(Data entries)

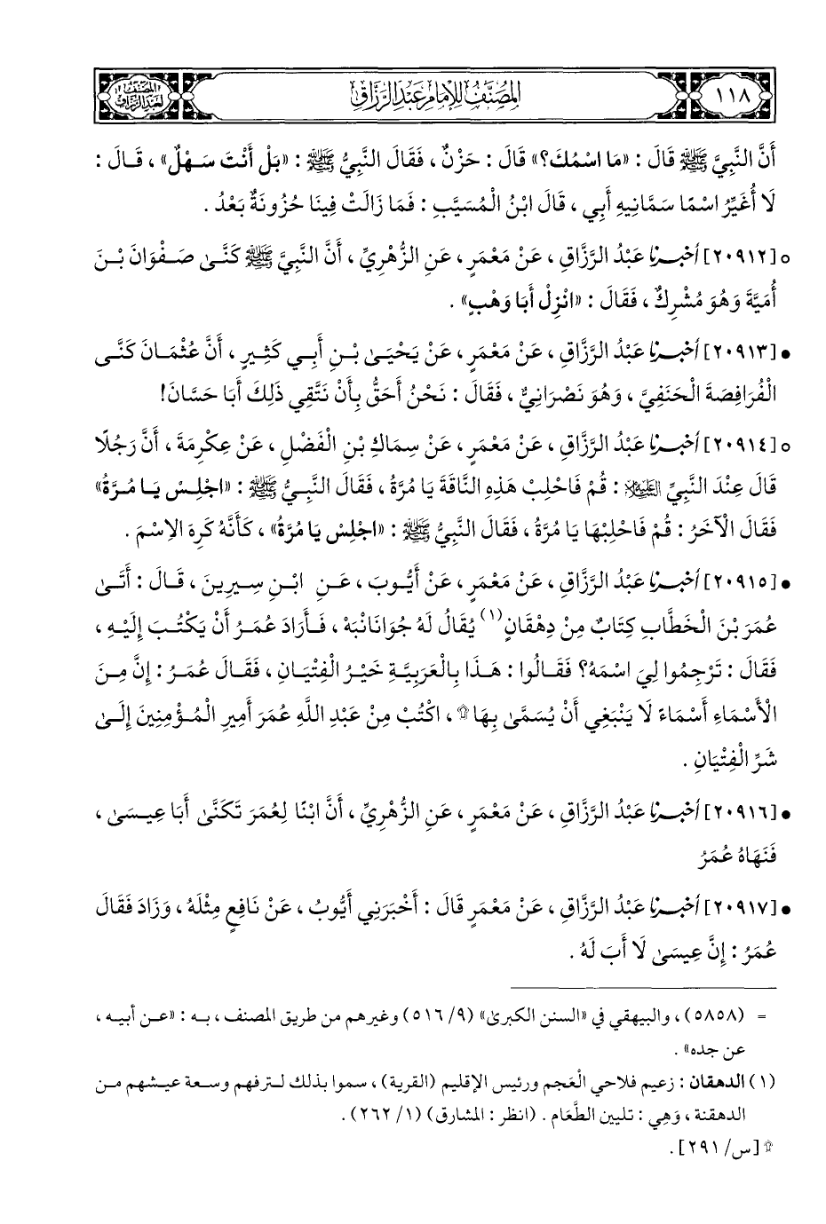 ° [٢٠٩١٢] أخبرنا عَبْدُ الرَّزَّاقِ، عَنْ مَعْمَرٍ، عَنِ الزُّهْرِيِّ، أَنَّ النَّبِيَّ - صلى الله عليه وسلم - كنَّي صَفْوَانَ بْنَ أُمَيَّةَ وَهُوَ مُشْرِكٌ، فَقَالَ: "انْزِلْ أَبَا وَهْبٍ".
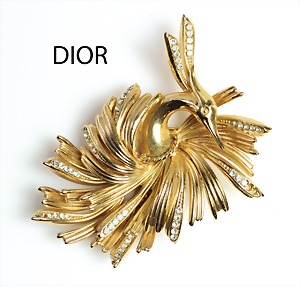 Brosche "PARADISVOGEL" von "DIOR", Metall: goldfarben, sig: Chr. Dior, weißer Steinbesatz, ca. 45 x 61 mm
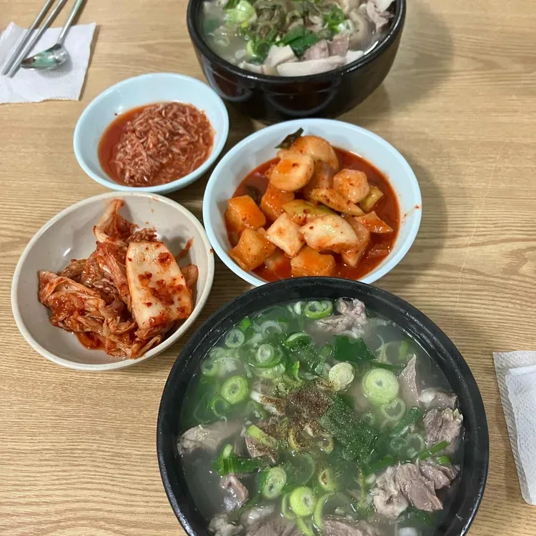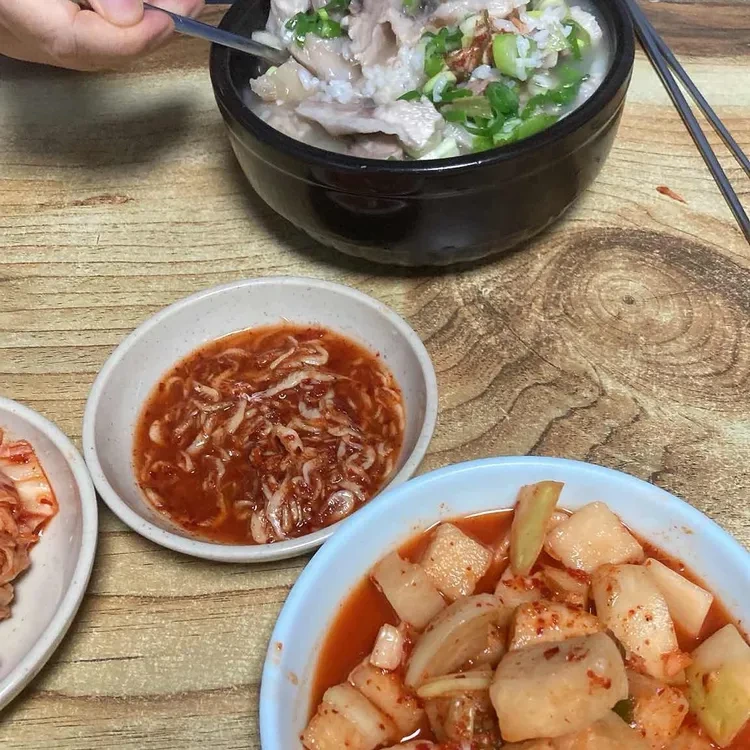 이 외에도 다양한 반찬들이 함께 제공되는데, 특히 김치와 깍두기가 맛있어요. 깍두기는 아삭한 식감이 살아있고, 매콤한 맛이 국밥과 잘 어울려요.
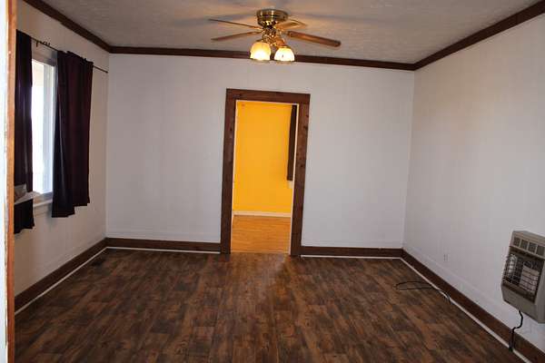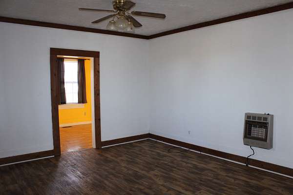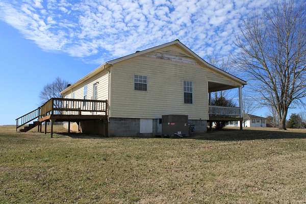 Absolute Online Auction. Bidding Opens March 22 - April 12. 1,070 sq ft home on 4.78 acres with outbuildings and pond. Two bedrooms, one bath, living area, eat in kitchen, large covered wrap around porch. Updated electrical panel. City water and central heat and air. No current septic records found, but has a newly identified 4 bedroom soils area. Additional adjoining 2.68 acres with large barn and 4 bedroom soils area selling as well.
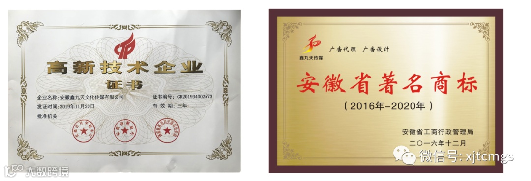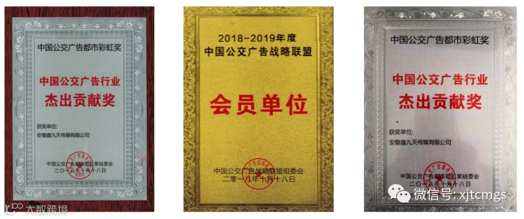 安徽省安徽鑫九天2009年涉足广告行业,专注“出行领域”媒体经营开发,被中国广告协会评为中国广告“二级资质”企业公司,鑫九天商标被安徽工商局认定为“安徽省著名商标”,先后两次被安徽省广告协会评为“广告发布诚信”单位。
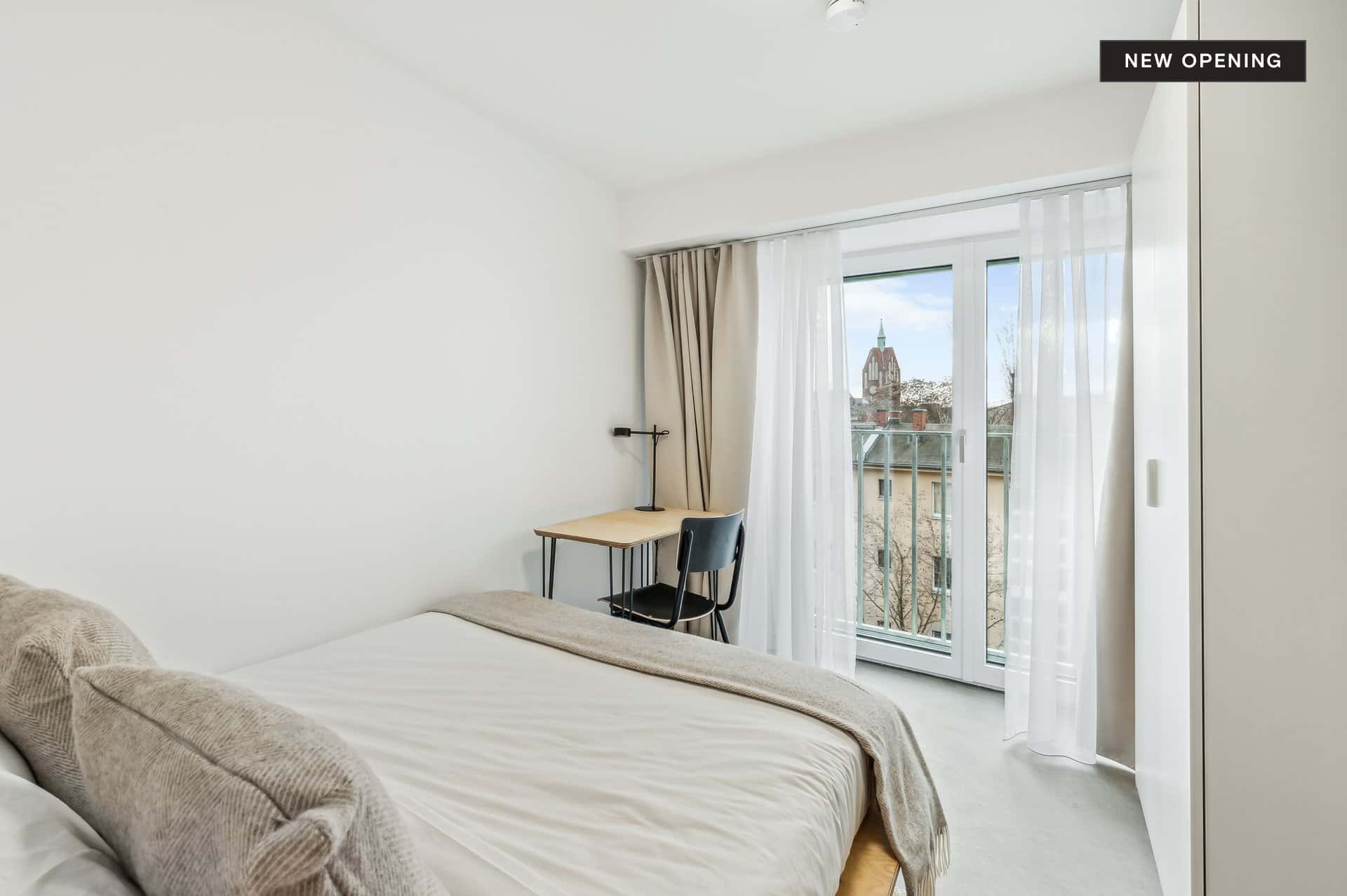 [EN] Our rooms come fully furnished with everything you need for a comfortable daily life. In the bedroom area, you will find a bed with a nightstand and lamp, as well as a large wardrobe. A premium mattress with a set of bedsheets, pillows, and duvets is also always included. To comfortably work or study from home, there is a table with a lamp and chair. You wont need anything additional to settle in, and can arrive just your luggage at hand. You will be the first to move into our newly constructed and renovated apartments. Each flat has a fully equipped modern kitchen with everything from pans to a coffee machine, dishwasher, and oven. All apartments have spacious bathrooms that you will be sharing with your flatmates. The property is purposefully built to be an ideal location for you to enjoy the co-living lifestyle, and be part of the Habyt community. The building is split into three parts with a front house, and a cozy garden house as well as a back house. You can be cooking meals with your flatmates in the fully equipped kitchens or spending time in the comfortable common area. This apartment provides everything you need for comfortable daily living. Your room comes fully furnished, complete with a bed and workspace, and the entire apartment is equally well-equipped. The kitchen includes appliances, cookware, a fridge, and a stove. Additionally, you’ll have access to a washing machine and Wi-Fi. We’re sure you’re curious about your future flatmates! Typically, they are international students or young professionals aged 20 to 35 who enjoy the experience of shared living. While we can’t share further details due to privacy regulations, we’re confident you’ll find a great community here. Please note that each room is for single occupancy, with guests allowed for a maximum of five days per month. To book the apartment, we require a few documents: a copy of your ID and proof of income (we accept flexible options such as an employment or internship contract, blocked account, savings, recent payslips, or similar documents from a guarantor). When booking, you’ll pay the first month’s rent in advance, but rest assured, you’ll only be charged for rent starting from your move-in date.
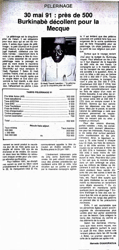 Pèlerinage. 30 mai 91 : près de 500 Burkinabè décollent pour la Mecque
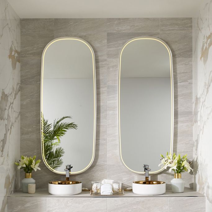 آرت مرآة مع إضاءة - فضي
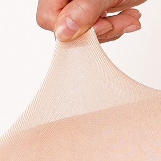 摩耗耐久回数1万回以上達成の強い生地を採用することに加え、生地を引き上げるときに指の力がかかるウエストからふとももの途中までを従来品ストッキングの約2倍の厚さにして補強。更に、つま先から破れることを防ぐためトウ部分を従来品ストッキングの約1.5倍の厚さに補強しています。
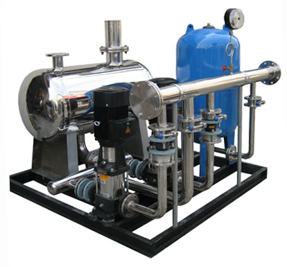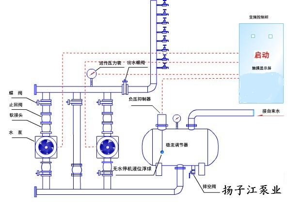 工作原理:無負壓變頻恒壓供水設備是一種新型的清潔衛生、高效節能的供水設備,也被業界稱為管網疊壓供水設備。該設備為全封閉式結構,不需要建造任何形式的水池,避免了供水二次污染。直接將食品衛生等級的不銹鋼穩流調節罐作為進水儲水緩沖裝置直接與自來水管道相連,充分利用自來水管網原有壓力能源,在同樣供水需求的情況下,無負壓變頻供水可選擇功率較小的水泵及控制設備。同時在夜間小流量用水情況下利用市政供水水壓直接供水而無需啟動水泵。相比傳統帶水池的供水設備,該設備節約了大量的電能和設備投資,其節能效果可高達50%以上。運行過程中,穩流調節罐配備的真空消除器可自動消除設備運行過程中對管網所產生的負壓,保證了正常供水的同時設備不會對市政管網其他用戶造成影響。無負壓變頻供水是目前高效節能的供水設備,特別適合城鎮自來供應較為穩定和充足的場合使用。
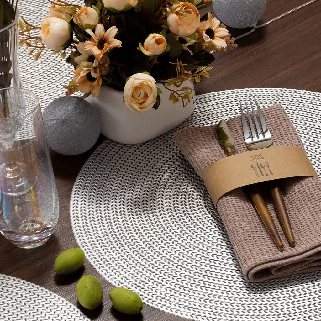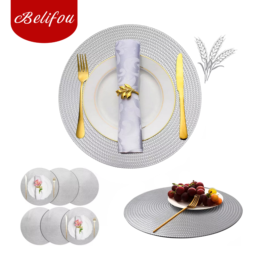 Belifou Kit 6 Individuais De Mesa Em PVC Mesa De Jantar Prata 38CM - Matio

▶ **EXERCISE REQUIREMENTS**
Which part of the entries opens with the line containing "Pèlerinage. 30 mai" and closes with the line containing "摩耗耐久回数1万回以上達成の"? Output that part exactly, ends included, pictures excluded.

▶ **WRITTEN SOLUTION**
 Pèlerinage. 30 mai 91 : près de 500 Burkinabè décollent pour la Mecque
 آرت مرآة مع إضاءة - فضي
 摩耗耐久回数1万回以上達成の強い生地を採用することに加え、生地を引き上げるときに指の力がかかるウエストからふとももの途中までを従来品ストッキングの約2倍の厚さにして補強。更に、つま先から破れることを防ぐためトウ部分を従来品ストッキングの約1.5倍の厚さに補強しています。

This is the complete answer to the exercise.